Guardrails return typed decisions:

class CapstoneGuardrailResult(BaseModel):
    guardrail_id: str
    boundary: str
    decision: str
    reason: str
    version: str

19. Evaluation Architecture

Eval Suites

SuiteCoverage
fast PR evalschema/tool/policy basics
RAG evalretrieval and grounding
tool evalselection/arguments/forbidden tools
trajectory evalmulti-step workflow path
safety evalinjection/exfiltration/tool abuse
reliability evalfailure injection
human review evaldecision package quality
full release evalall high-risk scenarios

Critical Failure Examples

  • notice sent without approval;
  • cross-tenant retrieval;
  • unsupported high-risk claim;
  • forbidden tool call;
  • memory poisoning accepted;
  • duplicate side effect;
  • policy false allow.

20. Reliability Architecture

Reliability controls:

  • checkpoint every durable step;
  • timeout hierarchy;
  • retry policy by error type;
  • idempotency for side effects;
  • circuit breakers for dependencies;
  • budgets for model/tool/token/cost;
  • loop detection;
  • deadlock detection;
  • fallback policy;
  • graceful degradation;
  • escalation path;
  • chaos/failure injection.

Reliability Flow


21. Observability Architecture

Forensic Questions

The system must answer:

  • what did the agent see?
  • what model/prompt/tool versions were active?
  • what evidence supported claim?
  • what tool did the agent propose?
  • what did policy decide?
  • who approved?
  • what command committed?
  • what side effect occurred?
  • what changed after release?

Required Events

  • run started/completed;
  • context assembled;
  • model call completed;
  • tool requested/executed/denied;
  • retrieval performed;
  • memory retrieved/written/rejected;
  • policy decision;
  • guardrail decision;
  • checkpoint saved/resumed;
  • human decision recorded;
  • command committed;
  • side effect reconciled;
  • eval case failed.

22. Deployment Architecture

Deployable Units

  • agent runtime service;
  • worker service/pool;
  • tool executor;
  • MCP adapter;
  • RAG retrieval service;
  • memory service;
  • policy engine;
  • evaluation service;
  • observability pipeline;
  • UI/review queue.

Use separate deployability where risk and scaling differ.


23. Environment Strategy

EnvironmentPurpose
localunit/contract tests
devintegration with mocks
stagingfull simulation with safe data
pre-prodproduction-like load/evals
production canarylimited real traffic
productiongoverned release

High-impact tools should have sandbox/stub variants in non-prod.

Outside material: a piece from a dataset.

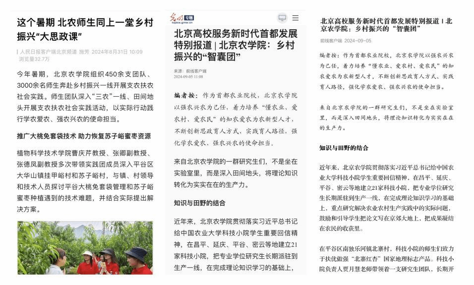 学校首创“一家主建、多家共享、社会共用”原则,先后在昌平兴寿镇辛庄村、密云溪翁庄镇金叵罗村、怀柔北房镇大周各庄村、平谷峪口镇建立乡村振兴驿站,深度融入“百千工程”建设。整合农业科技与人才资源,多学科、全链条服务乡村全面振兴。学校团队承担的北京市的“数字京村”项目在“百千工程”第一批19个示范村推广应用。持续推进校地合作,与门头沟区、昌平区教委等签订战略合作协议。实施科技特派员特色服务行动,巩固提升16个集体经济薄弱村“消薄”成效,高质量完成北京市农业农村重点工作。推进校城融合发展,7位教师成功入选第二批昌平区“科技副总”,优化校地技术供需对接机制。新增2个案例入选教育部省属高校精准帮扶典型项目,是市属高校中唯一连续四届共5个案例入选该项目的学校。

24. Data and Tenant Isolation

Enterprise systems require tenant isolation.

Controls:

  • tenant ID on every state/artifact/tool request;
  • policy checks include tenant;
  • RAG indexes tenant-scoped or ACL-filtered;
  • memory tenant-scoped;
  • graph traversal tenant-scoped;
  • traces tagged by tenant but access-controlled;
  • eval data de-identified;
  • cross-tenant tests in CI.

Tenant Isolation Test

def test_cross_tenant_evidence_denied():
    request = RetrievalRequest(
        request_id="req_1",
        tenant_id="tenant_a",
        requester_id="user_a",
        run_id="run_1",
        query="case evidence",
        metadata_filters={"case_id": "tenant_b_case"},
        max_results=10,
    )

    result = retrieval_service.search(request)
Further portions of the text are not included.